De nombreux auteurs du 20ème siècle se sont inspirés des fables de La Fontaine tel que Anouilh ou même Sagan. C’est donc pour adapter, détourner la morale et moduler la fable, « La cigale et la fourmi » à son époque que Jean Anouilh, fabuliste du 20ème siècle rédige l’apologue « La Cigale ». D’ailleurs il ne se satisfait pas de la reprendre et de l’adapter mais décide d’en faire une création amusante telle une comédie en lui donnant une autre signification. Dans ce texte, les voix du Renard et de la Cigale se mêlent : le renard, perfide et malhonnête, veut extirper de l’argent à l’artiste qui elle, veut voir ses biens se multiplier.

Comment Anouilh parvient-il à renouveler le monde de La Fontaine ?

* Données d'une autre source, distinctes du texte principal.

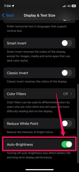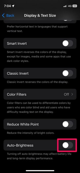 4.Blader nu naar beneden om deAutomatische helderheidoptie en tik op de schakelaar ernaast om de functie op uw iPhone uit te schakelen.

Tout d’abord, nous montrerons comment l’auteur met en place un récit plaisant. Puis nous mettrons en évidence, la dénonciation du monde contemporain.

 

 

Dans cette fable, l’auteur utilise une structure de récit particulière ainsi qu’un cadre spatio-temporel précis pour renseigner sur l’époque. L’étude du récit est à ce titre, très révélatrice. Le texte est construit en respectant le schéma narratif et est composé de quatre étapes. Il commence avec une entrée, du vers un à huit, comme au théâtre qui présente les personnages : « La Cigale ayant chanté tout l’été » (v. 1), « Elle alla trouver un renard » (v.9) ainsi que le contexte, « maints casinos » (v.3). Du vers neuf au vers cinquante-cinq, Anouilh rend compte de l’entrevue entre les deux personnages. Du vers neuf à trente-deux, nous sommes face à un monologue du renard qui ne laisse place à aucune réplique pour la Cigale. Puis, du vers trente-deux à quarante-quatre, elle dévoile son personnage. Enfin, du vers quarante-cinq à cinquante-cinq, la Cigale sort victorieuse de ce dialogue. En forme de dénouement et d’épilogue, les deux derniers vers viennent confirmer la tournure du dialogue : « Maitre Renard qui se croyait cynique, S’inclina, Mais depuis, il apprend la musique. » (v. 56-57).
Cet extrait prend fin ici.